In modern MS networks since Win2000 AD/DNS are required for all hostname
resolution if NETBIOS is disabled across the board, as it should be.
Every machine in the AD domain registers its hostname in DNS.  So if AD
goes down, machines can't find one another after their local DNS caches
have expired.

TTBOMK AD is required for locating shares, user/group permissions, etc
in a domain based network.  For workgroups this is still handled solely
by the SMB redirector and local machine SAM.

>> For less than the $375 cost of that mainboard you mentioned you can
>> build/buy a box for AD duty, install Windows and configure from scratch.
>>   It only needs the one inbuilt NIC port for the user LAN because it
>> won't host the shares/files.
> 
> Well, I'll be doing this as a new VM... Windows 2008R2. While I hope
> this will help to split DNS/AD from SMB, I'm doubtful it will resolve
> the issues.

It very well may fix it, based on what the MS knowledge base had to say.
 Just make sure all service packs go on immediately, obviously, and
automatic updates enabled/scheduled to install in the wee a.m.

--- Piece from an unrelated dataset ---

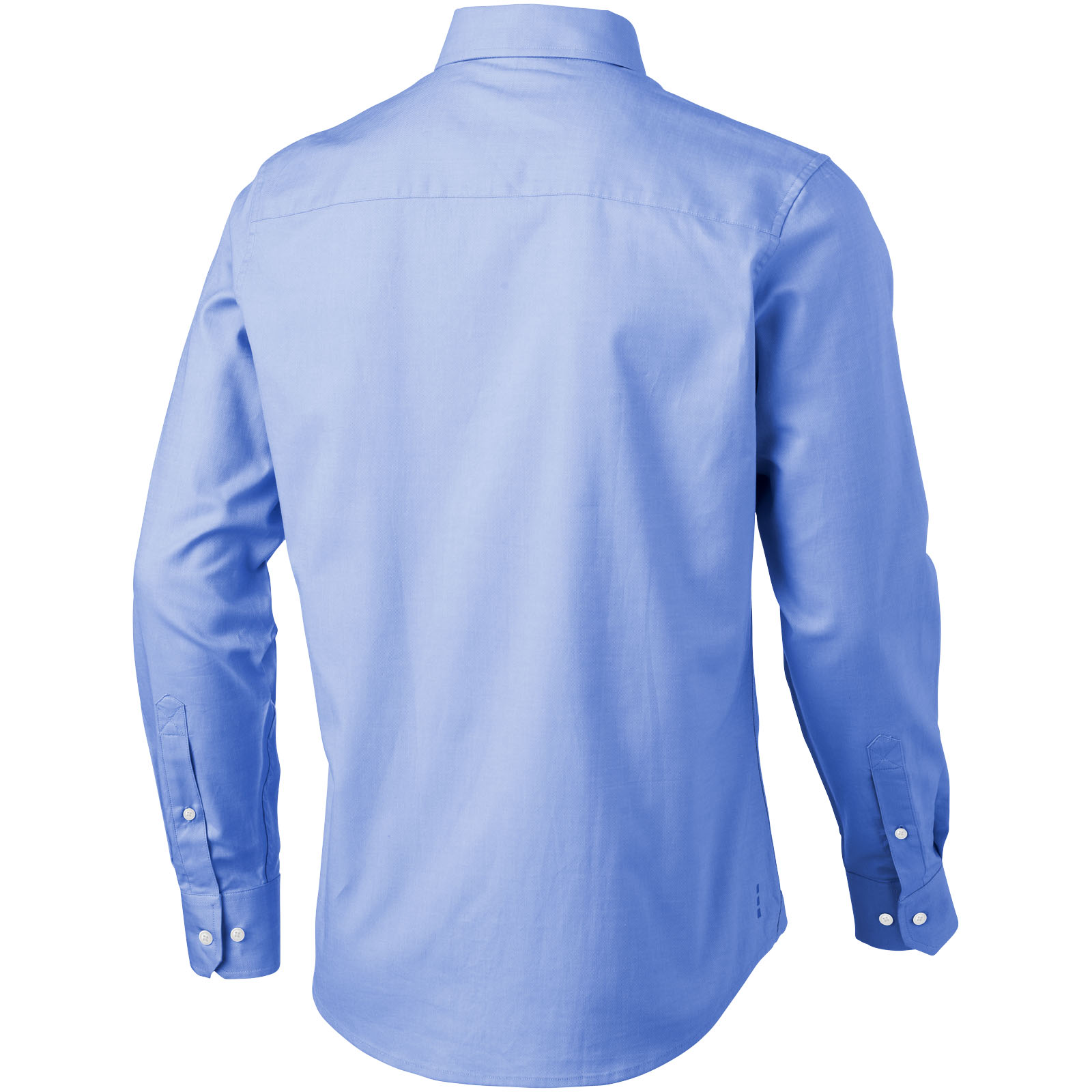 Offene, spitze Brusttasche linksPflegeleichtLange Ärmel mit KnopfmanschettenWRAP-ZertifizierungMaterial: 65% Polyester, 35% BaumwolleGrammatur: 105 g/m²Gewicht: 0.335Hergestellt nach: Faire Arbeitsbedingungen, Oeko-Tex 100Veredelung: Bestickung, Bedruckung, Beflockung

The next time this happens, manually stop and restart the Server service
on the DC and see if that breaks the SMB hang.  Of course, if the CPU is
racing this may be difficult.

>> You'll export the shares key from the registry of the current SMB
>> server.  After you have the new bare metal AD/DNS server up, you'll shut
>> the current one down and never fire it up again because you'll get a
>> name collision with the new VM you are going to build...
>>
>> You build a fresh SMB server VM for file serving and give it the host
>> name of the now shut down DC SMB server.  Moving the shares/files to the
>> this new server is as simple as mounting/mapping the file share SAN LUN
>> to the new VM, into the same Windows local device path as on the old SMB
>> server (e.g. D:\).  After that you restore the shares registry key onto
>> the new SMB server VM.
>>
>> This allows all systems that currently map those shares by hostname and
>> share path to continue to do so.  Basic instructions for migrating
>> shares in this manner can be found here:
>>
>> http://support.microsoft.com/kb/125996
> 
> Thank you for the pointer, that makes me more confident about copying
> share configuration and permissions. The only difference to the above is
> I plan on creating a new disk, formatting with win2012R2, and copy the
> data from the old disk across. 

I assume you read the caveat about duplicate hostnames.  You can't have
both hosts running simultaneously.  And AFAIK you can't change the
hostname of a DC after the Windows install.  So plan this migration
carefully.  You also must have the AD database dumped and imported to
the new host -before- you copy the files from the old "disk" to the new
disk, and before you import the registry shares file.  The users and
groups must exist before importing the shares.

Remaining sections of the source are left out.